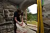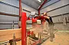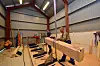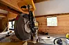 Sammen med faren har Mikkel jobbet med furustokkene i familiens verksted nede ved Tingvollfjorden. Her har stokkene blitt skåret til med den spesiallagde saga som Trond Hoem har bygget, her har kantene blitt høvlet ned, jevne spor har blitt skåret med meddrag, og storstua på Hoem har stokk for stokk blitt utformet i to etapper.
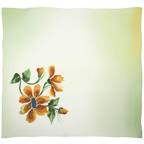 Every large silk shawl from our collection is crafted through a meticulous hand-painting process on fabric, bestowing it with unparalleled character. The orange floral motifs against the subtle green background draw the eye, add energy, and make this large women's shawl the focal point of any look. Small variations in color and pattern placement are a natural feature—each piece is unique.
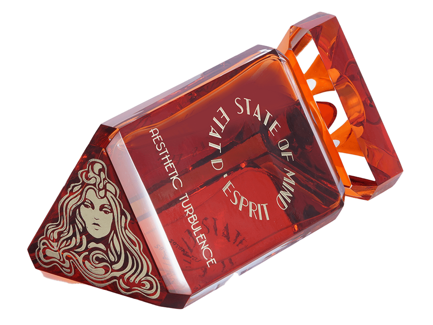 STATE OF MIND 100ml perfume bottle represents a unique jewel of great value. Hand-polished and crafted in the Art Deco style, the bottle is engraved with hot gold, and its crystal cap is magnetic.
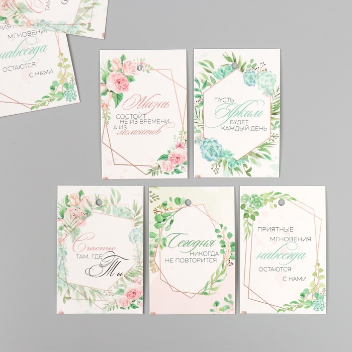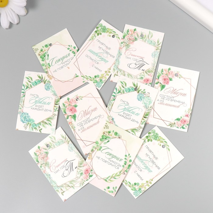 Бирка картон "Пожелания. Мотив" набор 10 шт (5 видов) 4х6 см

--

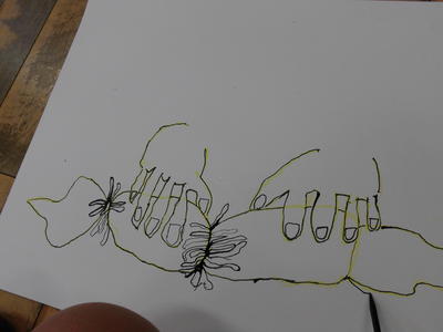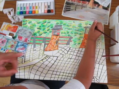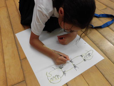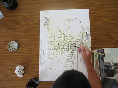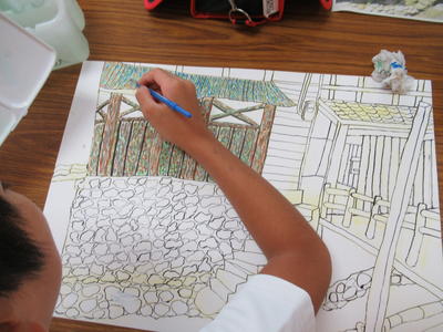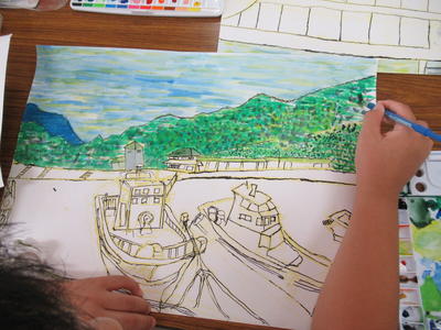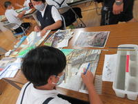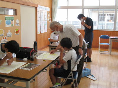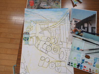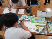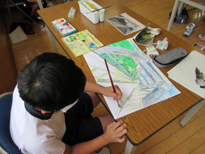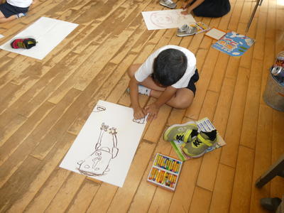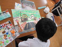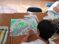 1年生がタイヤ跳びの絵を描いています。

...

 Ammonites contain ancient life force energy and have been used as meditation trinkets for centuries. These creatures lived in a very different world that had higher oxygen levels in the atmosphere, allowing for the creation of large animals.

● Task details: Both the line containing "STATE OF MIND" and the line containing "видов) 4х6 см" above belong in the output, as do the lines between them. Print them exactly, without pictures.

● Solved problem:
 STATE OF MIND 100ml perfume bottle represents a unique jewel of great value. Hand-polished and crafted in the Art Deco style, the bottle is engraved with hot gold, and its crystal cap is magnetic.
 Бирка картон "Пожелания. Мотив" набор 10 шт (5 видов) 4х6 см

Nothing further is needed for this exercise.